Мне века два назад родиться суждено,
Без страха, без упрека, без амбиций.
Налит коньяк, не выпито пока еще вино.
Прости меня за то, что я совсем не рыцарь[4]….
Еще до полудня за Тойво заехала машина, в которой уже сидел пассажир: молодой мужчина в очень стильном двубортном костюме и модной кепке на русых волосах. На коленях он держал средних размеров саквояж и пальцами правой руки постукивал по нему, отбивая одному ему известный ритм какой-то песни.
— Зетцен зи зих, — сказал он, когда шофер распахнул перед Антикайненом дверцу машины, мол: можете садиться. И добавил по-русски. — Я говорю по-немецки, как и было уговорено.
— А я — нет, — ответил Тойво. Что за пьяные выходки? Меньше всего ему хотелось учить немецкий язык, чтобы общаться.
Они поехали в сторону вокзала, Антикайнен едва успел через окно раскланяться с Зиновьевым, потом с Кировым, сердечно помахать рукой Эйно Рахья, кивнуть Виртанену, небрежно отмахнуть Лепола, Лехтинену и Пелтола, подмигнуть Токой.
— Меня зовут Тынис, — меж тем представился попутчик. — Я от Бехтерева. Думаю, мы с Вами найдем общий язык.
Теперь Тойво в этом уже не сомневался — с эстонцем, как и карелом, можно договориться. Шутник, однако, этот Тынис.
На перроне было многолюдно, а саквояжем попутчик, как выяснилось, не ограничился. Из багажника машины было извлечен пугающих размеров рюкзак и выдвинут фанерный чемодан. Они подхватили все это и потащились к вагону.
Уже предъявляя проводнице билеты, Тойво огляделся по сторонам и кивнул стоявшей в кампании двух молодых людей женщине. Та, видимо, провожала их на тот же поезд, но в другой вагон.
— Ты будто на Северный полюс собрался, — растолкав весь багаж по багажным полкам, сказал Антикайнен.
— Потом в Семипалатинск, — кивнул головой Тынис. — Экспедиция, понимаешь ли, научная.
— Семипалатинск! — сказал Тойво, глядя на грязный вокзал через окно.
— Семипалатинск! — повторил Тойво, посмотрев на старообрядца Дубалова.
7. Буй
Антикайнен оглядел всех людей в своей плацкарте в поиске Тыниса — нету.
— Слушай, Николай, а со мной не было второго человека — эстонца, всего такого модного?
Дубалов окинул Тойво снисходительным взглядом, отражающим одновременно и понимание, и осуждение:
— Тебя, по-моему, как одного кто-то в поезд загрузил, так ты и едешь один.
— А кто грузил?
— Грузчики, — хмыкнул музыкант. — Пес их знает — кто?
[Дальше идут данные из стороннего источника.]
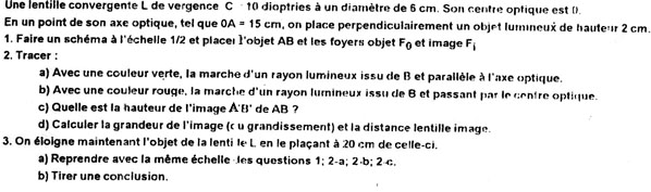 Pour un objet placé sur une lentille convergente, faire un schéma. Tracer les différents rayons, placer les foyers. Déduire la hauteur de l'image. Traiter le cas où on éloigne l'objet de la lentille.
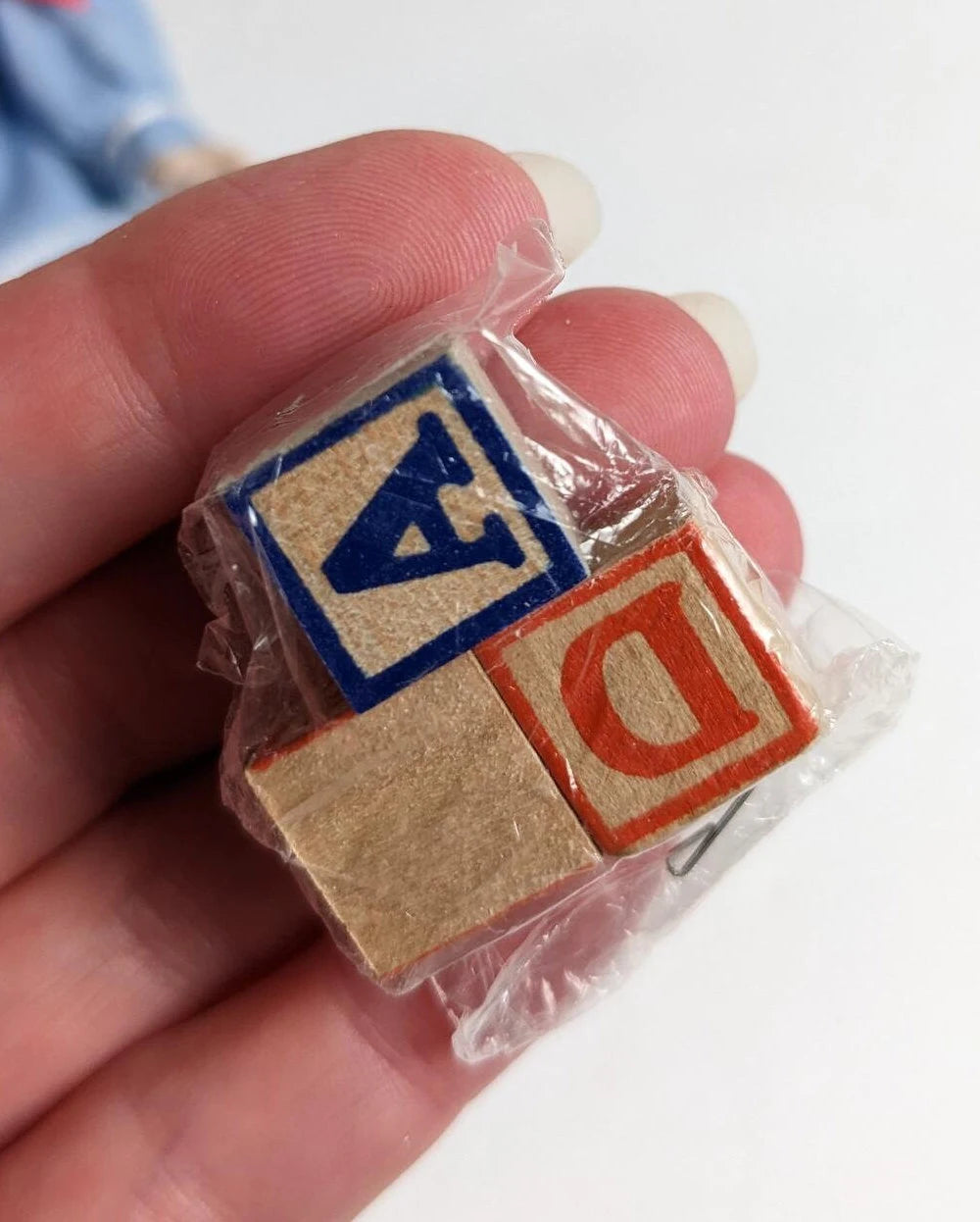 Vintage Yolanda Bello Porcelain Amanda doll featuring a girl dressed in a soft blue sailor's outfit with a red bow and 3 wooden blocks, very cute.
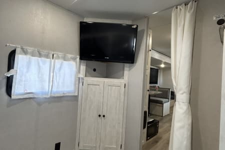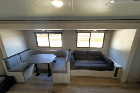 This spacious bunkhouse floorplan is perfect for large families or groups exploring the Hill Country, state parks, or attending summer festivals and events. With sleeping space for up to 9, a fully equipped kitchen, and a rear entertainment center, the Texas Triple Chill delivers all the comforts of home while you're on the road.The triple A/C setup means you'll never fight over the thermostat—front bedroom stays cool, living area stays cool, and the bunk room stays cool. No more hot, sleepless nights or uncomfortable afternoons.
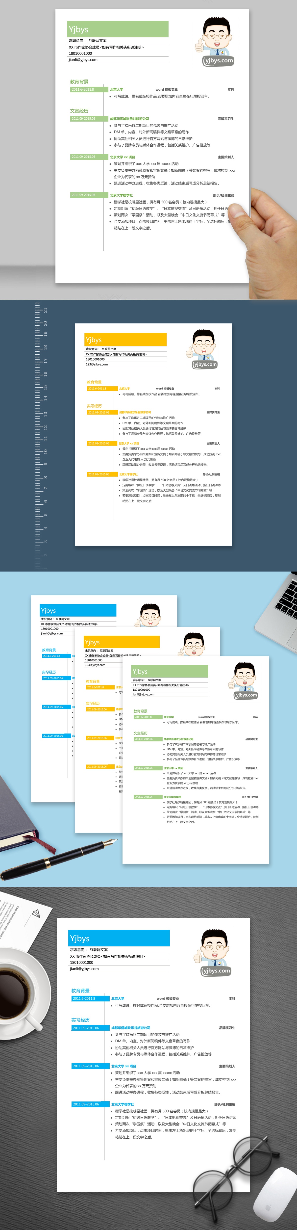 A012常用简历模板橙,蓝,绿
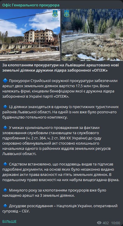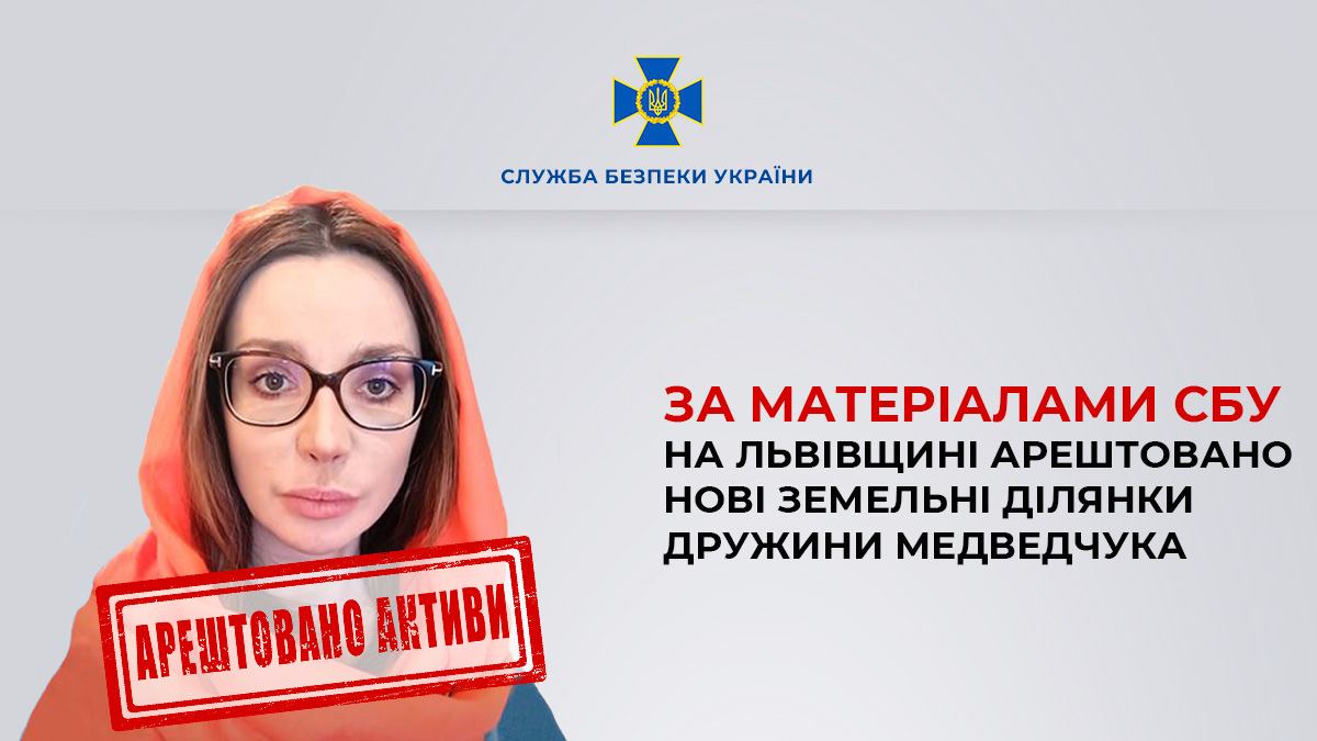Во Львовской области арестовали участки жены Виктора Медведчука Оксаны Марченко. Стоимость двух арестованных участков 17,5 млн грн.
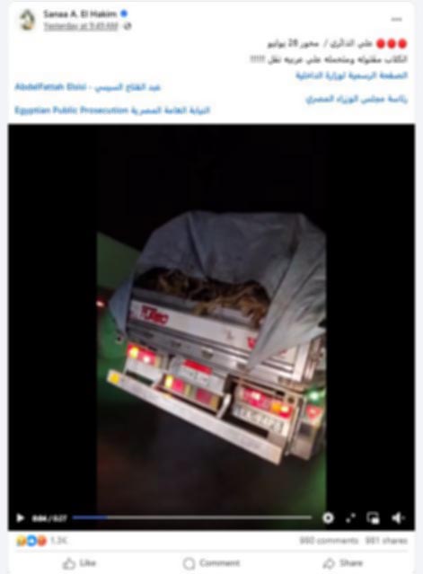 تمكنت الأجهزة الأمنية بوزارة الداخلية ، من كشف حقيقة مقطع فيديو تم تداوله عبر مواقع التواصل الاجتماعي، زُعم خلاله قيام قائد سيارة ربع نقل بنقل كلاب نافقة بصندوق السيارة أثناء سيره بمحور 26 يوليو بمحافظة الجيزة.
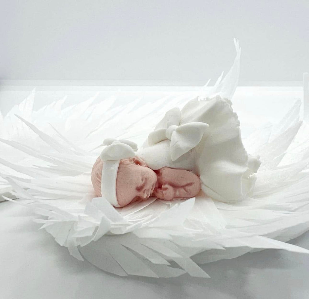 Spiselig dekoration lavet af sukkerpasta og oblat
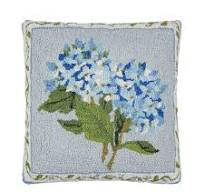 This blue hydrangea pillow will look perfect in any room. The variety of blues and greens of the hydrangea complement the soft blue background. This pillow measures 18 x 18 inches.
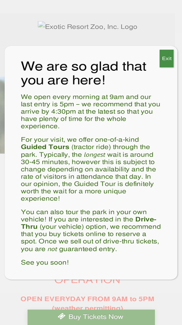 57%The Exotic Resort Zoo is an independently owned safari that's home to over 700 creatures representing over 50 species.
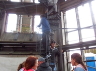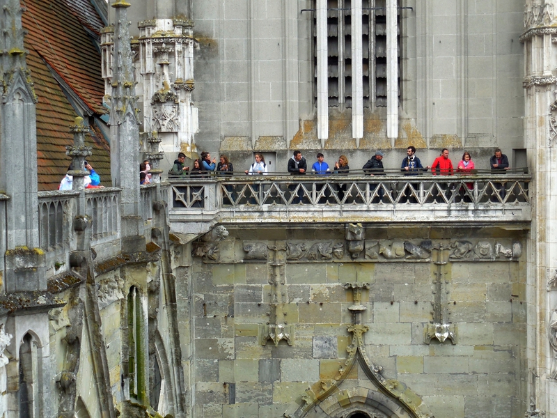 Am vierten Tag ihres Aufenthalts in Regensburg hatten unsere spanischen Gäste aus Tui, Galizien, die Gelegenheit, die Dombauhütte und die Arbeit eines Steinmetzes kennenzulernen und dann den Dom selbst zu besteigen - für alle ein einmaliges Erlebnis. Dafür muß die für morgen geplante Rudertour durch den Donaudurchbruch bei Weltenburg wegen Hochwasser entfallen. Es herrscht eine Rudersperre. Eine etwaige Alternative stellt das Westbad dar.
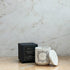 Unser verschließbares Kerzengefäß besteht aus einem lösungsmittelfreien Zementverbund und entsteht in vielen Schritten: es wird gegossen, geprägt, geschliffen, verziert und versiegelt. Dann erst bereiten wir das Wachs und die feinen Düfte vor, setzen den Docht und gießen anschließend das beduftete Wachs ein. Ist die Kerze gegossen, ruht und reift sie.
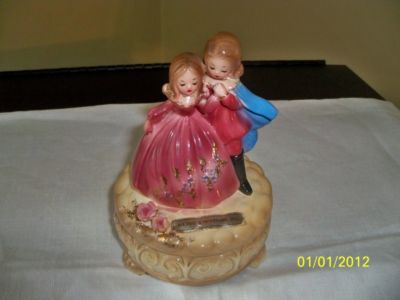 Title (ebay affiliate link): VINTAGE JOSEF ORIGINALS MUSIC BOX VICTORIAN COUPLE "THE IMPOSSIBLE DREAM"
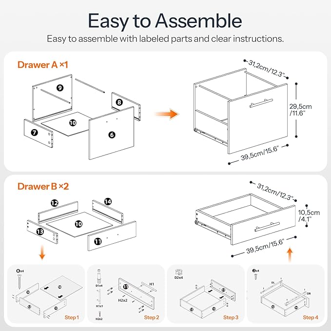 - Easy to Assemble: You will receive detailed instructions, numbered parts, and the tools you need for easy installation. The pre-loaded slides on the side panels reduce the effort on your part to go through all the steps, allowing you to enjoy the process alone or with the family

Тойво потер лоб и осторожно потрогал свою голову: может, дырка у него какая-то образовалась, и мозги нечаянно вытекли? Да нет, все в порядке, никакие аппараты Пильщикова не нанесли самой верхней части его тела сколь ощутимых увечий.
* * *
Едва они отъехали от Питера, Тойво на ломаном русском спросил у кондуктора:
— Когда поезд будет в городе Буй?
— А Буй его знает, когда приедем в город Буй! — весело ответил тот. — По расписанию только с Питера отходим. Ну, а дальше — как масть пойдет, то стоим, то едем, никакого порядка.
— Точнее: революционный порядок, — бегло сказал Тынис.
Кондуктор с опаской взглянул на него и поспешно испарился в коридоре. Тойво запер дверь, и они остались вдвоем с эстонцем в спальном вагоне.
«Словно в анекдоте: едут в поезде финн и эстонец», — подумал Антикайнен.
— Анекдот, — сразу сказал Тынис. — Едут в одном вагоне финн и эстонец. Эстонец достал понюшку кокаина и начал его нюхать, а финну не предлагает. Финн рассердился и говорит: «Еще раз нюхнешь — я тебе кокаином весь нос натру».
— Обхохочешься, — заметил Тойво.
— Мы, вообще-то, душу изучаем, а не просто мозг, — после долгого молчания проговорил эстонец. — Я должен предложить тебе несколько тестов для проведения некоего исследования. Ты в курсе?
— Валяй, — пожал плечами Антикайнен. В самом деле, он же сам подписался на такую программу, так что нужно сотрудничать.
Человек — единственное существо, которое принимает, или не принимает такое понятие, как «душа». Одни говорят, что есть душа, другие — что нету. Но никто с рождения не удивится: какая-такая «душа»? Это понятие вложено в нас с рождения.
Финны называют это дело «mieli». Карелы — тоже, а ливвики еще дополняют, что душа — это «syvain». Да, в принципе, какая разница — хоть что, лишь бы отражала сущность. Но сущность отразить невозможно никому, разве что самому главному президенту, либо приближенному к богу, то есть, конечно, попу. Ну, да ладно, высочайшая государственная должность, либо церковный сан еще не показатель ума. Лицемерия — может быть, или гордыни, или политической зрелости.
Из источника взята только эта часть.